John and Jesus

John 1:19–34

John had previously immersed some Pharisees and Sadducees in the Jordan, but now priests and Levites came to him—inquiring who he was. One reason for the Levites’ arrival was that some expected the Messiah to be from the tribe of Levi. The book of 1 Maccabees reflects the longing for a Levitical kingly Messiah, and many expected him to be a priest. He, first, informs them that he isn’t the Messiah or Christ (1:20). Both terms mean “anointed” and were often used about leaders of Israel, especially kings. In Isaiah, Cyrus is called God’s anointed (Is. 45:1), so the title wasn’t limited to Jesus’ role. However, by this time, the word had taken on a meaning of the savior of Israel, God’s anointed one (cf. Ps. of Sol. 17:32). Elijah came to be associated with the figure because of Malachi 4:5–6. The belief was that either Elijah himself would return and be the messiah or someone like him, which was what John was. The prophet they expected was one like Moses (Deut. 18:15). 

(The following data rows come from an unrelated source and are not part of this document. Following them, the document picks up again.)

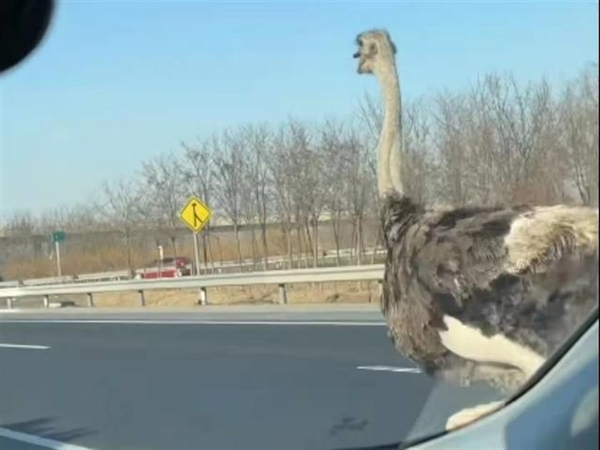 原标题:天津高速鸵鸟奔跑车辆纷纷避让 受到惊吓不停变道:不慎掉落 已被车主领回
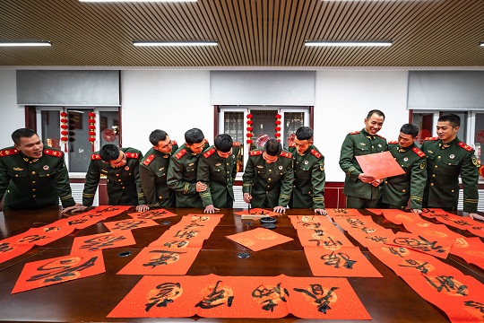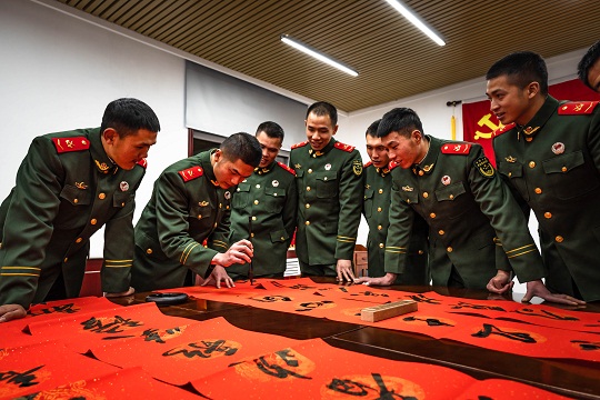 圖為官兵們?cè)趯?xiě)春聯(lián)。金玥林 攝
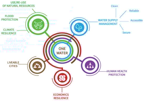 The One Water concept focuses on environmental issues related to water, such as pollution control, climate resilience, economic resilience, liveable cities, human health protection, the re-use of natural resources and water supply management. Safe, secure and access to clean water are addressed as sub-major components of water supply management, whereas social inclusion is captured through stakeholder collaboration and community engagement. Funding for the projects is captured under economic resilience.
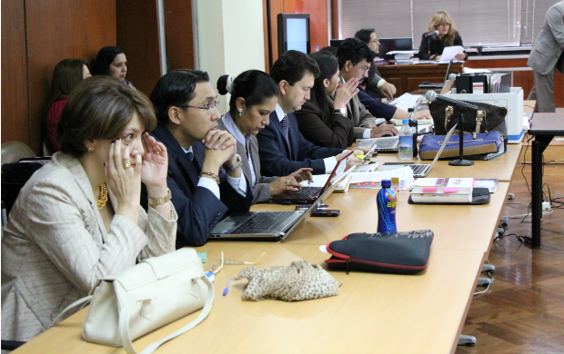 Quito, 5 de marzo del 2015.- En el cuarto día de audiencia de juicio contra 9 acusados de peculado bancario, la Fiscalía concluyó la presentación de sus 23 testigos entre peritos, auditores y exfuncionarios del Banco Cofiec.
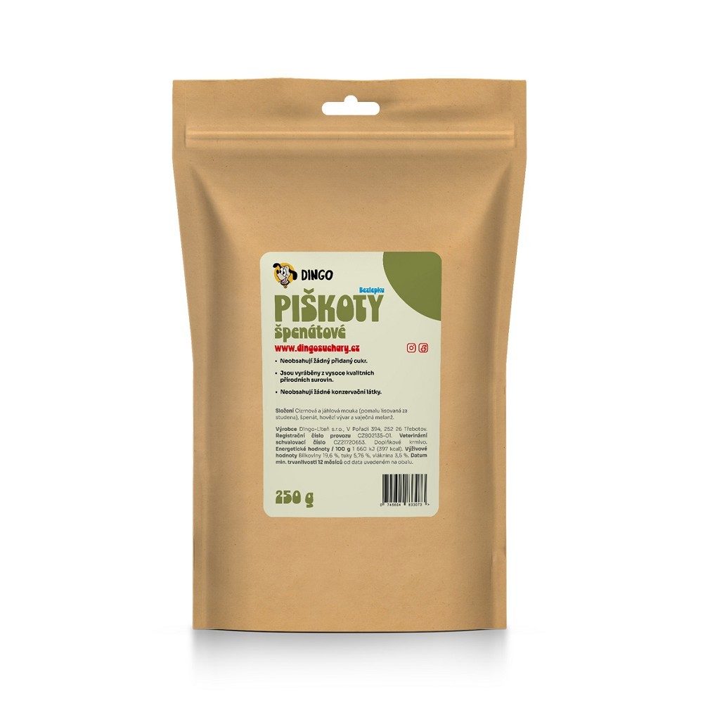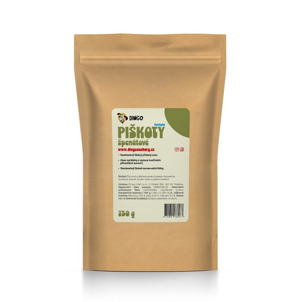 Složení: cizrnová a jáhlová mouka (pomalu lisovaná za studena), špenát, hovězí vývar a vaječná melanž
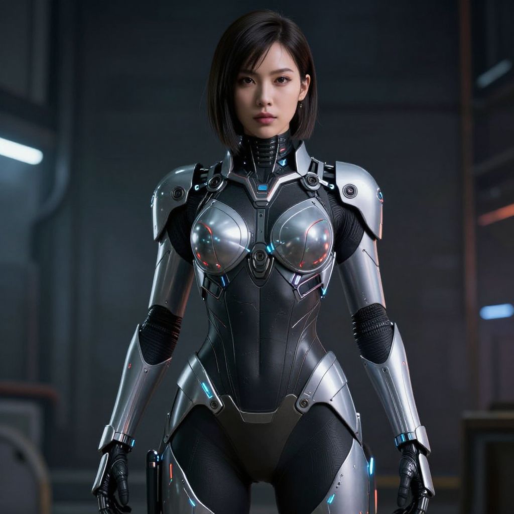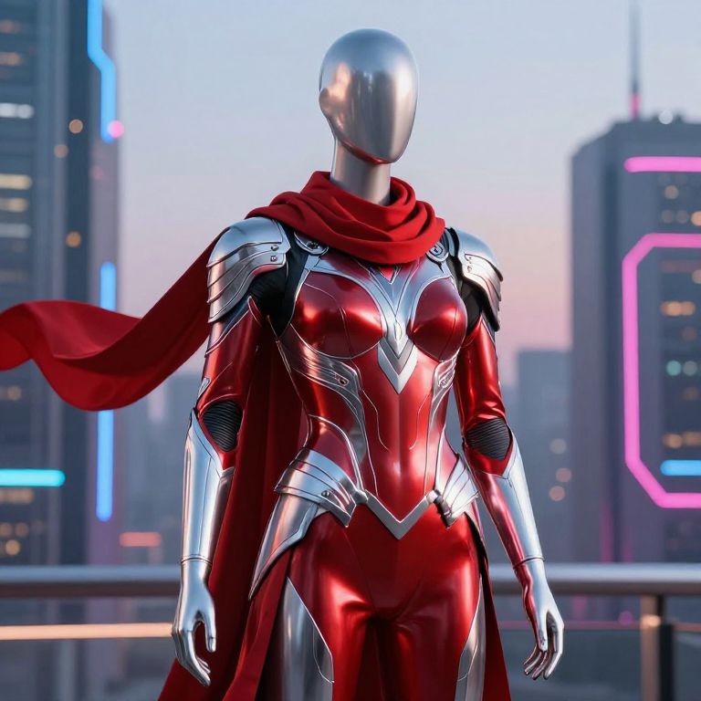 A detailed mannequin wearing a futuristic metallic armor suit with a vibrant red, blue, and silver color scheme, featuring intricate glowing patterns and reflective surfaces. The mannequin has a sleek, humanoid posture and stands confidently in front of a weathered, rusted fence made of iron bars, with a faintly illuminated backdrop suggesting a twilight urban environment. The mannequin wears a pair of wireless headphones on its head, which emit a soft, pulsating light, adding to the cyberpunk atmosphere. The scene is rendered in high detail with sharp contrasts, realistic textures, and a cool, moody lighting effect.

John was none of these, though he was the one like Elijah (Luke 1:17). John cites Isaiah 40:3 and Malachi 3:1 as an answer—he later tells people that he was to prepare the way of the Lord (John 3:28). Since John was none of the expected people, they ask why he was baptizing, likely because by so doing he was gathering disciples. John points them further to the one who is the come. He will come from among them, and it’s he who’s preferred over John. 

The next day, Jesus arrives at the Jordan—likely from his temptation. John proclaims Jesus to the crowd, and while his account doesn’t include the baptism of Jesus, it points out John’s response to it. While in the previous lesson, we discussed why Jesus was baptized, we see here that it was also for him to be revealed to Israel (v. 31). As we’ve also previously read, Jesus would be the one to baptize with the Spirit. 

Several baptisms are mentioned in the New Testament: John’s baptism of repentance, baptism of fire, baptism for the dead (1 Cor. 15:9), baptism into Moses (1 Cor. 10:1–2), baptism of the Holy Spirit, and baptism in making disciples. Since only Jesus performs this, we have to look and see what exactly it is. Before he ascended into heaven, Jesus reiterated the promise (Acts 1:4–5), and we see it performed on Pentecost (Acts 2:32–33). There were only two examples in Scripture when this was applied: on Pentecost and Cornelius’ household (Acts 10:44–48; 11:15–18). This baptism enabled apostles to remember what they’d learned and be taught by God (John 14:26). They were also able to perform wonders and signs to accompany their preaching (Acts 2:43; cf. Heb. 2:3–4). Concerning Cornelius’ household, baptism with the Spirit was more to convince the Jews that Gentiles were worthy of salvation, too (Acts 10:44–48; 11:12). Moreover, it was God’s way of acknowledging the Gentiles, and the Jews’ understood that God makes no distinction (Acts 11:8–9).  

Considering the numerous baptism we read about in the New Testament, we must establish a timeline because, by 64 CE, Paul wrote that there was only one baptism (Eph. 4:4–6). Jesus was crucified and ascended to heaven anywhere between 28–33 CE. We like to think that Jesus was born in 1 CE, but he was more than likely born between 4–6 BCE, given the dating of the death of Herod. Gentiles received the baptism of the Holy Spirit some 8–10 years later, putting us at 43 CE at the latest. This is important because by the time Paul wrote to the Ephesians, he stated that there was one baptism leading us to conclude that Holy Spirit baptism was no longer a factor. Just as John’s baptism was for a time and purpose (cf. Acts 19:1–7), so was Holy Spirit baptism. However, the immersion that makes us disciples of Jesus is universal and unending (Acts 2:38–39). 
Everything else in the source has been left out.